Records shown:
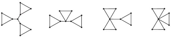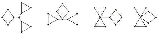 From Theorem 1, Corollaries 1–3, we know that the graph , (, or ) is singular if the length of a cycle on the graph G is a multiple of 4. The smallest singular graph of the number of vertices in (, , ) graphs is (, , ), and it has 11 (10, 9, 8) vertices (see Figure 5). The smallest non-singular graphs of the number of vertices in (, , ) graphs is (, , ), and it has 10 (9, 8, 7) vertices (see Figure 6). From Theorem 2, we were surprised to find that more than half of the (, , ) graphs were singular.
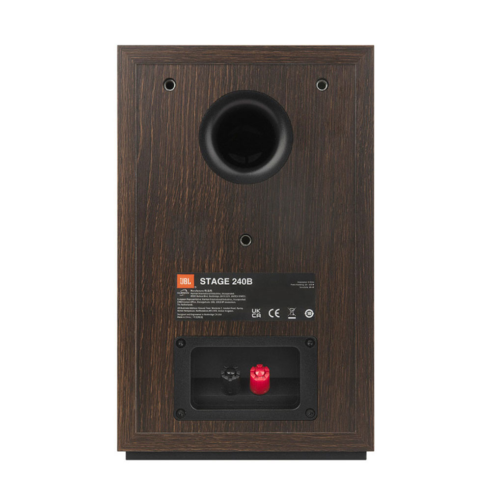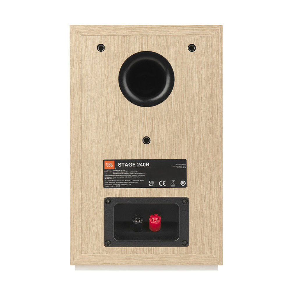 JBL Stage 240B là 1 cặp loa bookshelf siêu nhỏ gọn có kích thước 3 chiều (H x W x D) lần lượt là 272 x 175 x 217 mm cùng trọng lượng 4,6 kg có thể dễ dàng vận chuyển, lắp đặt ở bất cứ đâu như trên bàn, tủ, kệ sách hoặc sử dụng kết hợp thêm với chân loa. Từng được nét trên loa được trau chuốt rất tỉ mỉ mang đến vẻ ngoài hoàn hảo thu hút mọi ánh nhìn. Thùng loa được làm thủ công với chất liệu cao cấp mang đến sự chắc chắn, bền bỉ, mặt trước là tấm lưới ê căng bằng vải giúp tránh bụi bẩn từ các tác nhân vật lý từ môi trường bên ngoài, ngay dưới là logo JBL tạo điểm nhấn cho toàn bộ mặt trước của loa. Mặt phía sau là lỗ thoát hơi cũng như hệ thống cọc kết nối được bố trí đơn giản
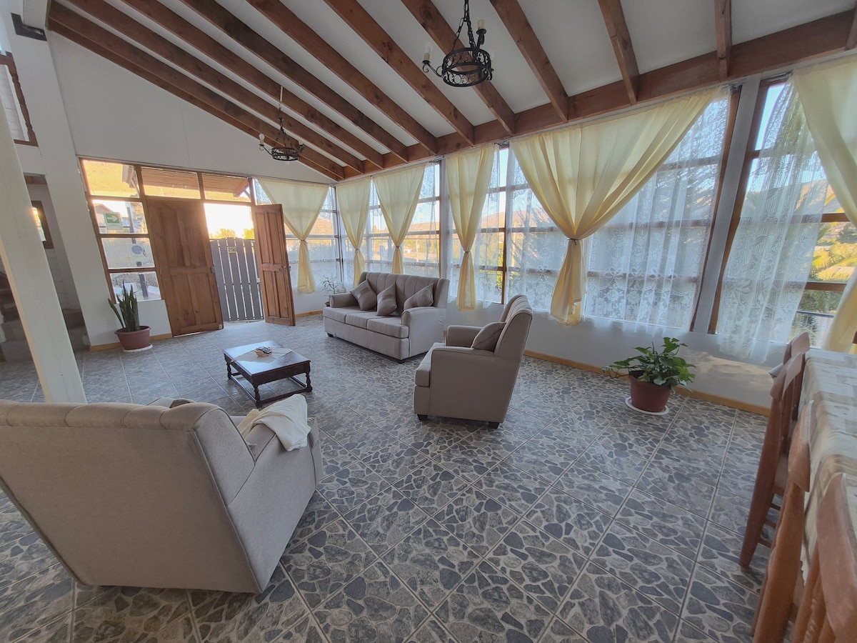 Prostrana kuća s pogledom na more i pješke do predivnih plaža Kapacitet za 14 osoba, 2 dvokrevetne sobe sa bračnim krevetom (1 u apartmanu) i 2 sobe sa brvnarama 3 kupatila Kućica sa mašinom za pranje veša Prostrana terasa sa roštiljem i unutrašnjim dvorištem sa šporetom Nalazi se u sektoru B poljoprivredne zajednice Huentelauquén Fudbalski teren Pergola sa šporetom i stolovima. Važno: Kuća radi od solarne energije Zakup uključuje opterećenje 1 jezerca (4.000 lts)
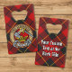 Clan Wallace crest badge surrounded by a strap and buckle over tartan background. Custom text on both sides.
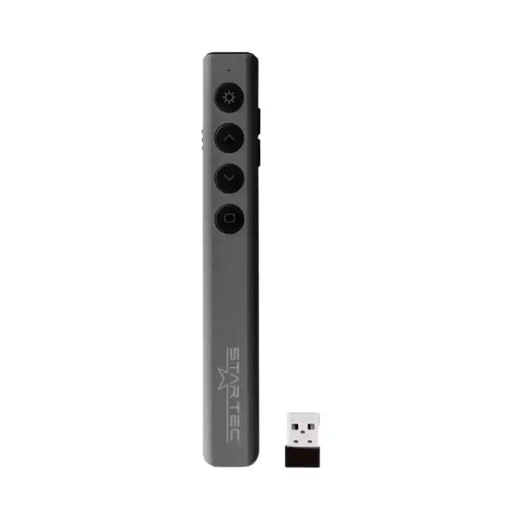 APUNTADOR LASER STAR TEC ST-LP-91 El Apuntador Laser Star Tec ST-LP-91 ofrece control total en presentaciones con su diseño ergonómico y tecnología avanzada. FUNCIONES MULTIFUNCIONALES Incluye botones para cambio de diapositivas, página en blanco, play/pausa y salir, facilitando el manejo de presentaciones. COMPATIBILIDAD UNIVERSAL Compatible con Mac, Linux y Windows, adaptándose a cualquier sistema operativo sin problemas. ALCANCE INALÁMBRICO Operación con frecuencia de 2.4 GHz y un alcance de hasta 30 metros para una presentación sin interrupciones. TECNOLOGÍA PLUG AND PLAY No requiere instalación; conecta el receptor USB y empieza a usarlo de inmediato. DISEÑO ERGONÓMICO Y BAJO CONSUMO Diseñado para una comodidad óptima y con bajo consumo de energía para prolongar la vida útil de la batería AAA.

Brief:
Please return the lines above exactly, with the pictures omitted.

Expected answer:
 From Theorem 1, Corollaries 1–3, we know that the graph , (, or ) is singular if the length of a cycle on the graph G is a multiple of 4. The smallest singular graph of the number of vertices in (, , ) graphs is (, , ), and it has 11 (10, 9, 8) vertices (see Figure 5). The smallest non-singular graphs of the number of vertices in (, , ) graphs is (, , ), and it has 10 (9, 8, 7) vertices (see Figure 6). From Theorem 2, we were surprised to find that more than half of the (, , ) graphs were singular.
 JBL Stage 240B là 1 cặp loa bookshelf siêu nhỏ gọn có kích thước 3 chiều (H x W x D) lần lượt là 272 x 175 x 217 mm cùng trọng lượng 4,6 kg có thể dễ dàng vận chuyển, lắp đặt ở bất cứ đâu như trên bàn, tủ, kệ sách hoặc sử dụng kết hợp thêm với chân loa. Từng được nét trên loa được trau chuốt rất tỉ mỉ mang đến vẻ ngoài hoàn hảo thu hút mọi ánh nhìn. Thùng loa được làm thủ công với chất liệu cao cấp mang đến sự chắc chắn, bền bỉ, mặt trước là tấm lưới ê căng bằng vải giúp tránh bụi bẩn từ các tác nhân vật lý từ môi trường bên ngoài, ngay dưới là logo JBL tạo điểm nhấn cho toàn bộ mặt trước của loa. Mặt phía sau là lỗ thoát hơi cũng như hệ thống cọc kết nối được bố trí đơn giản
 Prostrana kuća s pogledom na more i pješke do predivnih plaža Kapacitet za 14 osoba, 2 dvokrevetne sobe sa bračnim krevetom (1 u apartmanu) i 2 sobe sa brvnarama 3 kupatila Kućica sa mašinom za pranje veša Prostrana terasa sa roštiljem i unutrašnjim dvorištem sa šporetom Nalazi se u sektoru B poljoprivredne zajednice Huentelauquén Fudbalski teren Pergola sa šporetom i stolovima. Važno: Kuća radi od solarne energije Zakup uključuje opterećenje 1 jezerca (4.000 lts)
 Clan Wallace crest badge surrounded by a strap and buckle over tartan background. Custom text on both sides.
 APUNTADOR LASER STAR TEC ST-LP-91 El Apuntador Laser Star Tec ST-LP-91 ofrece control total en presentaciones con su diseño ergonómico y tecnología avanzada. FUNCIONES MULTIFUNCIONALES Incluye botones para cambio de diapositivas, página en blanco, play/pausa y salir, facilitando el manejo de presentaciones. COMPATIBILIDAD UNIVERSAL Compatible con Mac, Linux y Windows, adaptándose a cualquier sistema operativo sin problemas. ALCANCE INALÁMBRICO Operación con frecuencia de 2.4 GHz y un alcance de hasta 30 metros para una presentación sin interrupciones. TECNOLOGÍA PLUG AND PLAY No requiere instalación; conecta el receptor USB y empieza a usarlo de inmediato. DISEÑO ERGONÓMICO Y BAJO CONSUMO Diseñado para una comodidad óptima y con bajo consumo de energía para prolongar la vida útil de la batería AAA.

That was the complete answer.